Task goal >>
Please reproduce the data below exactly, from the first line to the last.

The data >>
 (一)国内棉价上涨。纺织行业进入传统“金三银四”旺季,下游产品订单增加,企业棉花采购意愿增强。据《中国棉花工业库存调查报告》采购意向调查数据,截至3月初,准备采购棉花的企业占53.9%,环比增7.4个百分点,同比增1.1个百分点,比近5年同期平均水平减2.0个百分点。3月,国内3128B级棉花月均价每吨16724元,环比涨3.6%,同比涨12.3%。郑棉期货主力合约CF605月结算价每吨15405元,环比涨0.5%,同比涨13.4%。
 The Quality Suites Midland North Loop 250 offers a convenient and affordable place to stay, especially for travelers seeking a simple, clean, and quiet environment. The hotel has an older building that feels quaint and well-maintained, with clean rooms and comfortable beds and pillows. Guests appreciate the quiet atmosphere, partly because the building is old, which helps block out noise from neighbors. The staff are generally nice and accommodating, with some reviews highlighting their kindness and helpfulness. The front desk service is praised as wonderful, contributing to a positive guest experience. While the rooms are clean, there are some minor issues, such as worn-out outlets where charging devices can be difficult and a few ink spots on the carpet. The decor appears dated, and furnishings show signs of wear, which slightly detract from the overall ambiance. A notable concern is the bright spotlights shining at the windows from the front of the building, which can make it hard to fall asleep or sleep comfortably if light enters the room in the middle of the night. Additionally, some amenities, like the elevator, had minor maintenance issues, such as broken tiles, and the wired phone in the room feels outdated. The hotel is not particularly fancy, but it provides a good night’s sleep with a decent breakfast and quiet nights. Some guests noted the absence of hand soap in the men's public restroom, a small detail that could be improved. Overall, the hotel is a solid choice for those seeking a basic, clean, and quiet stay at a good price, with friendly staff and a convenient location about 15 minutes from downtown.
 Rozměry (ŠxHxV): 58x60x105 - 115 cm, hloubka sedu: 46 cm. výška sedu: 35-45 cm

Answer to this task >>
 (一)国内棉价上涨。纺织行业进入传统“金三银四”旺季,下游产品订单增加,企业棉花采购意愿增强。据《中国棉花工业库存调查报告》采购意向调查数据,截至3月初,准备采购棉花的企业占53.9%,环比增7.4个百分点,同比增1.1个百分点,比近5年同期平均水平减2.0个百分点。3月,国内3128B级棉花月均价每吨16724元,环比涨3.6%,同比涨12.3%。郑棉期货主力合约CF605月结算价每吨15405元,环比涨0.5%,同比涨13.4%。
 The Quality Suites Midland North Loop 250 offers a convenient and affordable place to stay, especially for travelers seeking a simple, clean, and quiet environment. The hotel has an older building that feels quaint and well-maintained, with clean rooms and comfortable beds and pillows. Guests appreciate the quiet atmosphere, partly because the building is old, which helps block out noise from neighbors. The staff are generally nice and accommodating, with some reviews highlighting their kindness and helpfulness. The front desk service is praised as wonderful, contributing to a positive guest experience. While the rooms are clean, there are some minor issues, such as worn-out outlets where charging devices can be difficult and a few ink spots on the carpet. The decor appears dated, and furnishings show signs of wear, which slightly detract from the overall ambiance. A notable concern is the bright spotlights shining at the windows from the front of the building, which can make it hard to fall asleep or sleep comfortably if light enters the room in the middle of the night. Additionally, some amenities, like the elevator, had minor maintenance issues, such as broken tiles, and the wired phone in the room feels outdated. The hotel is not particularly fancy, but it provides a good night’s sleep with a decent breakfast and quiet nights. Some guests noted the absence of hand soap in the men's public restroom, a small detail that could be improved. Overall, the hotel is a solid choice for those seeking a basic, clean, and quiet stay at a good price, with friendly staff and a convenient location about 15 minutes from downtown.
 Rozměry (ŠxHxV): 58x60x105 - 115 cm, hloubka sedu: 46 cm. výška sedu: 35-45 cm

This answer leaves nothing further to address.